Oxygen Gyrofrequency Research Articles

Ion beam produced plasma waves observed by the δ n/n plasma wave receiver during the porcupine experiment

The Porcupine sounding rocket consisted of a central instrumented payload with 4 smaller payloads ejected in the radial direction. One of the smaller payloads contained a xenon ion gun which directed a 200eV Xe+ ion beam roughly perpendicular to the magnetic field. During the ion gun exercises a variety of plasma waves were observed by the δ n/n experiment on the central spacecraft. For small separations betwen the ion gun and the plasma wave receivers, intense and very narrow band emissions were observed just above harmonics of the hydrogen gyrofrequency extending from n=1 to at least n=11 and perhaps to much higher harmonics. Additional structure at the helium gyrofrequency was also observed and the width of each spectral line was the order of the oxygen gyrofrequency. The fastest growing modes were at n=5 or 6. For larger separations between the ion gun and plasma wave receiver, band limited emissions were observed between the NO+ and O+ lower hybrid frequencies. The intense ion cyclotron harmonic waves observed for short separations are very similar to plasma waves observed at high altitudes in ion conics by the S3-3 satellite. In those examples, natural ion beams, which were nearly perpendicular to the magnetic field, produced plasma waves between harmonics of the hydrogen gyrofrequency and the most intense waves occurred between n=3 and n=7. Hence the ion beam experiment is directly applicable to understanding ion beams within the magnetosphere.
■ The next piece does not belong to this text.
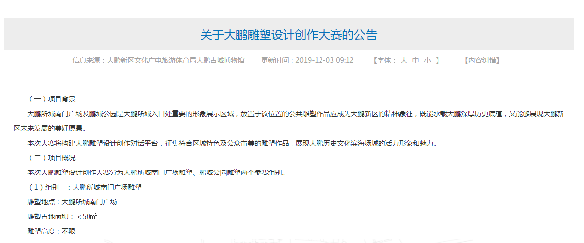 見圳客戶端·深圳新聞網(wǎng)2019年12月3日訊 為了展現(xiàn)大鵬歷史文化濱海場域的活力形象和魅力,12月3日,大鵬新區(qū)文化廣電旅游體育局大鵬古城博物館啟動大鵬雕塑設(shè)計創(chuàng)作大賽,征集大鵬所城南門廣場及鵬城公園雕塑作品,參賽不限單位或個人,最終每組作品都將評選出6名獲獎?wù)撸瑔雾?xiàng)最高獲4萬元獎金,總獎金22萬元。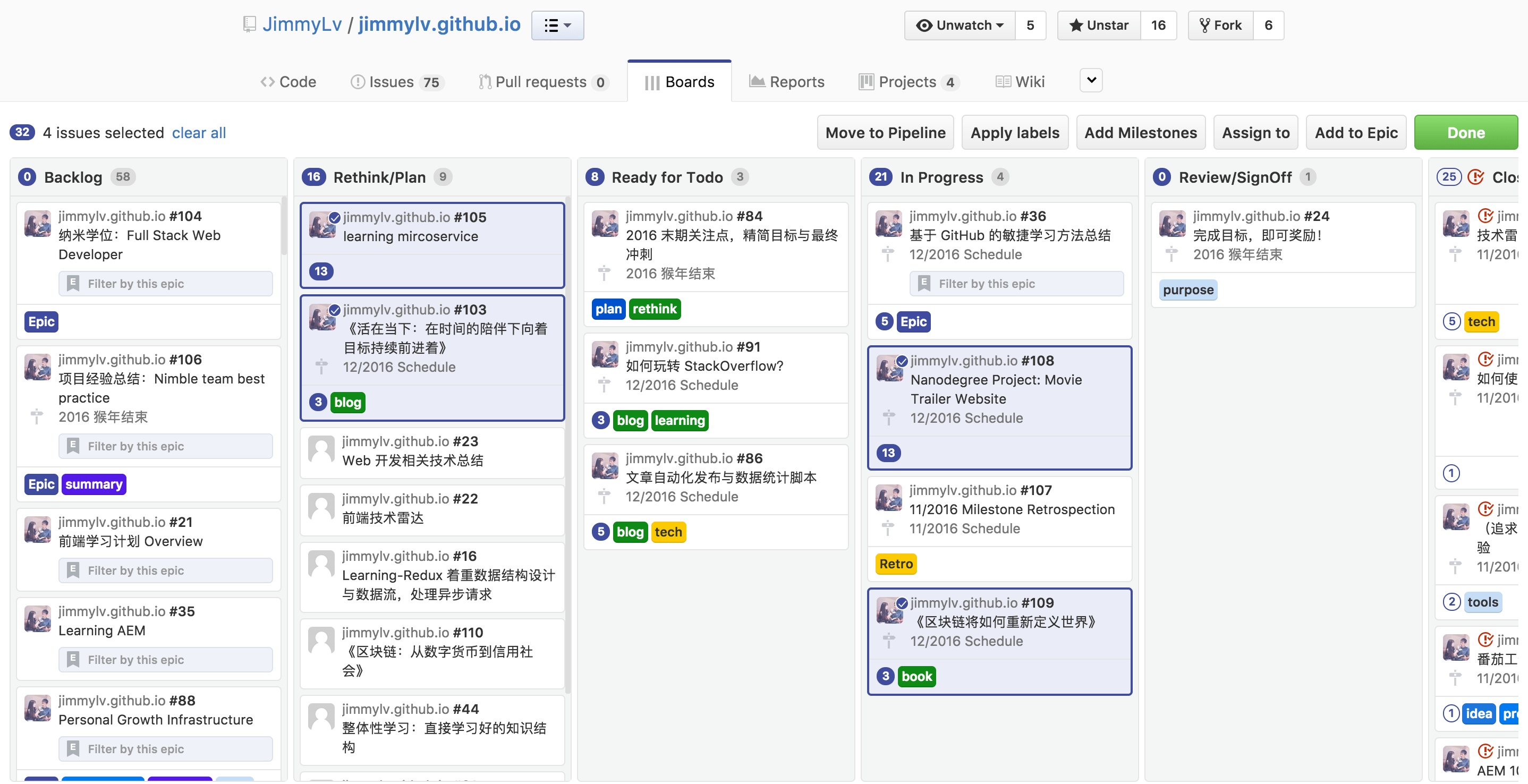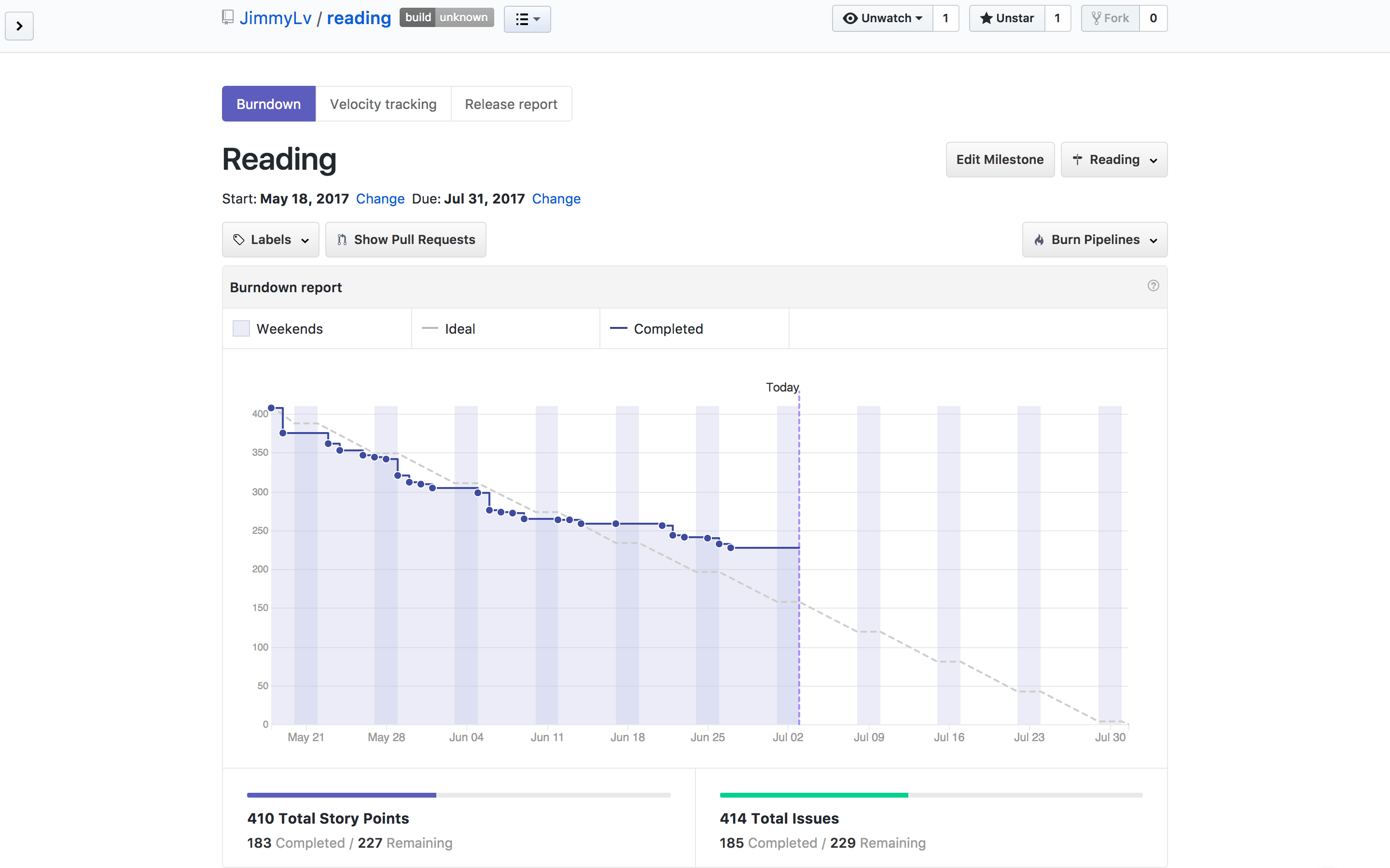 上回博客大赛写过一篇 基于 GitHub 的敏捷学习方法之道与术,其中提到使用 GitHub Issue 来管理自己的学习计划,从而就又产生了这么一个想法,就是将我的稍后阅读列表跟 GitHub 结合起来,使用 ZenHub 丰富的图表功能将阅读体系进行追踪与可视化。

Ion cyclotron waves generated by an ionospheric barium injection

A shaped charge, barium, plasma injection experiment was performed in June 1976 at the ERDA Kauai test facility. The barium was injected perpendicular to the geomagnetic field at an altitude of 450 km. The second stage of the rocket, located approximately 1.2 km from the point of detonation, contained a payload to measure dc and ac electric fields using a dual spherical probe antenna. A variety of plasma waves were detected for approximately 20 s following the detonation. The initial impulse generated ion cyclotron waves at the Ba+, O2+, Al+, OH+, and O+ gyrofrequencies. No evidence for a Doppler shift was observed. This was followed by a time period during which ion cyclotron waves were observed in passbands between the barium gyrofrequency harmonics up to the oxygen gyrofrequency. At the high‐frequency end of this range the spectrum is essentially continuous, i.e., similar to an ion sound wave spectrum.